Documentação do Facematch AI
1. Modelo de Inteligência Artificial Facematch da All.ID
Facematch é um modelo de inteligência artificial **proprietário** desenvolvido e treinado por Certta. Ele serve como o motor principal para a rede biométrica descentralizada da All.ID, projetada para verificar a identidade por meio de similaridade facial anonimizada análise e uma rede descentralizada de votação de similaridade.

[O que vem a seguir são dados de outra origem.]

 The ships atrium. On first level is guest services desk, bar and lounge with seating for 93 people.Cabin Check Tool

O modelo opera como um extrator de características de alto desempenho que converte imagens faciais em representações matemáticas. Diferentemente das comparações tradicionais que dependem de dados brutos de pixels, o Facematch utiliza deep learning para entender as características únicas de um rosto, garantindo desempenho robusto mesmo sob condições variadas de iluminação ou qualidade de imagem.
2. Palavras-chave
Para garantir clareza quanto à operação técnica do modelo, a terminologia a seguir é definida:
Sujeitos: Indivíduos únicos existentes nos conjuntos de dados da rede que tiveram suas imagens capturadas várias vezes para fins de treinamento e teste.

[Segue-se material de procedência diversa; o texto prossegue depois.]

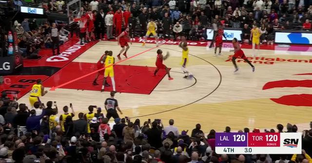 湖人对阵猛龙最后一攻,双方打平,里夫斯在边线被双人包夹,极限分球弧顶的詹姆斯,詹姆斯接球的时候时间只剩下4秒,防守八村塁的人过来补防詹姆斯,詹姆斯会怎么处理球?
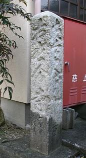 小舟木町道標 「長命寺一里」「左 京みち」。写真№3。 この道標は、小舟木町観音山ふもとのL字型の曲がり角にあった。 近江八幡では朝鮮人街道を「京みち」「京街道」と呼ばれていた。「長命寺」は琵琶湖湖畔上にある西国三十三ケ所霊場第31番の長命寺のこと。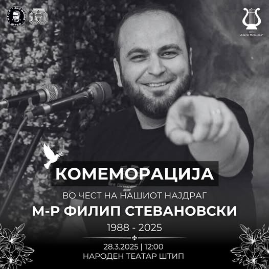 “Во петок (28.03.2025 год) со почеток од 12:00 часот во Народен театар – Штип во заедничка организација на НУЦК “Ацо Шопов” Штип и ДМУЦ ,,Сергеј Михајлов” – Штип ќе се одржи комеморација во чест на прерано починатиот, наш и непреболен м-р Филип Стевановски.” – известуваат од НУЦК “Ацо Шопов” – Штип

Limiar (T): Um limite numérico usado para determinar probabilisticamente se duas imagens pertencem à mesma pessoa. Se a distância calculada entre os embeddings for menor que T, isso é considerado uma correspondência. Esse valor é dinâmico e ajustável para equilibrar Falsos Positivos (FAR) e Falsos Negativos (FRR).

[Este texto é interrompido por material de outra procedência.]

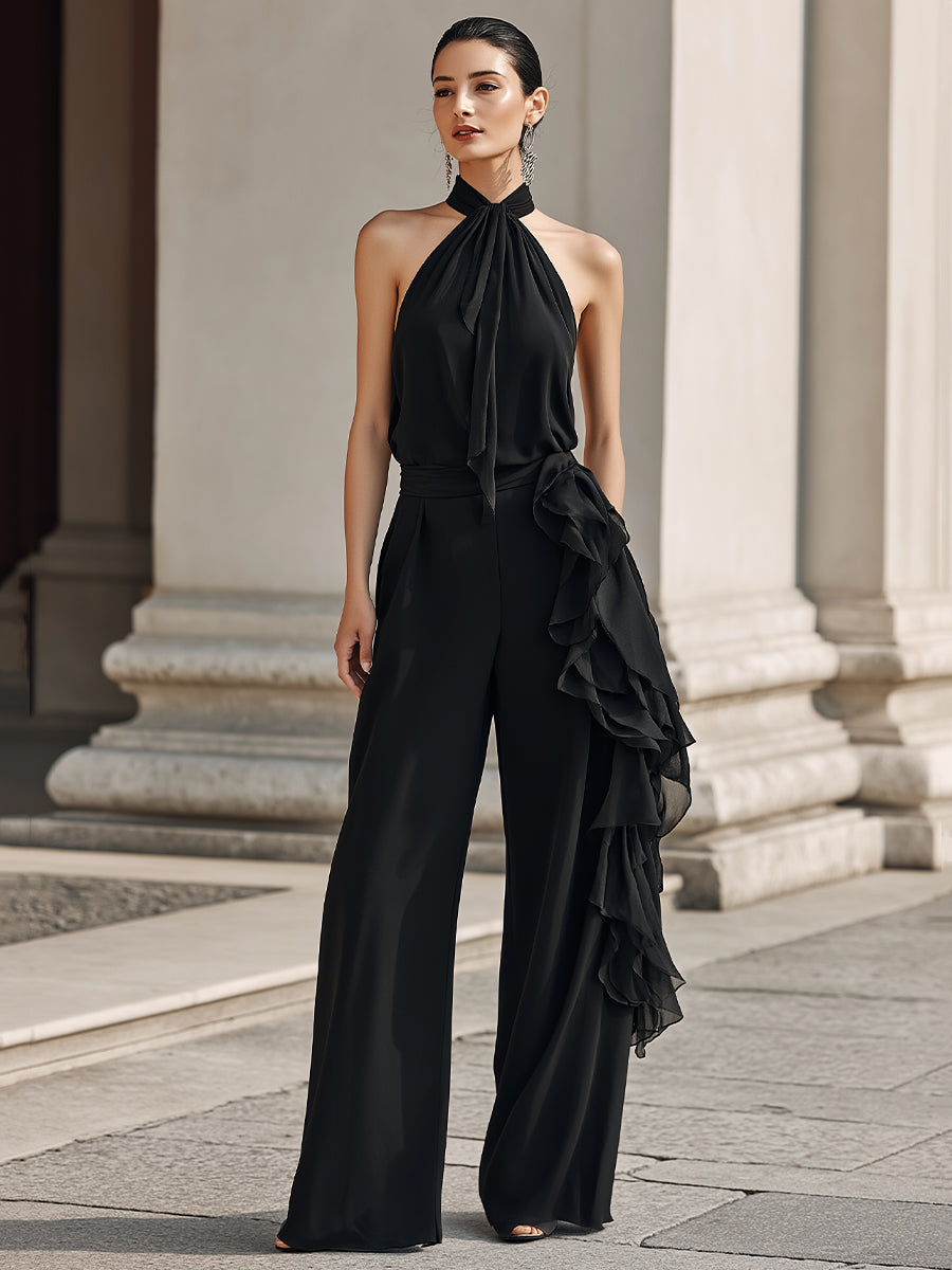 Midnight Chiffon Halter Jumpsuit With Dramatic Side Cascades

FAR (Taxa de Aceitação Falsa): A probabilidade de o sistema identificar incorretamente dois sujeitos diferentes como a mesma pessoa.
FRR (Taxa de Rejeição Falsa): A probabilidade de o sistema identificar incorretamente duas imagens do mesmo sujeito como pessoas diferentes.
Embedding: Um numérico de alta dimensionalidade vetor (especificamente, uma matriz de 128 números de ponto flutuante nesta arquitetura) que representa as características abstratas de um rosto extraídas pelo CNN. Após a geração, o embedding é ofuscado usando uma matriz de rotação ortogonal única e privada por peer na rede, e então multiplicado por uma semente universal. Ele transforma dados visuais em coordenadas matemáticas onde rostos semelhantes são posicionados próximos juntos no espaço vetorial. Uma vez que a imagem é convertida nesse array numérico, a imagem facial original não pode ser reconstruída, garantindo anonimato total e privacidade de dados (conformidade com GDPR/LGPD).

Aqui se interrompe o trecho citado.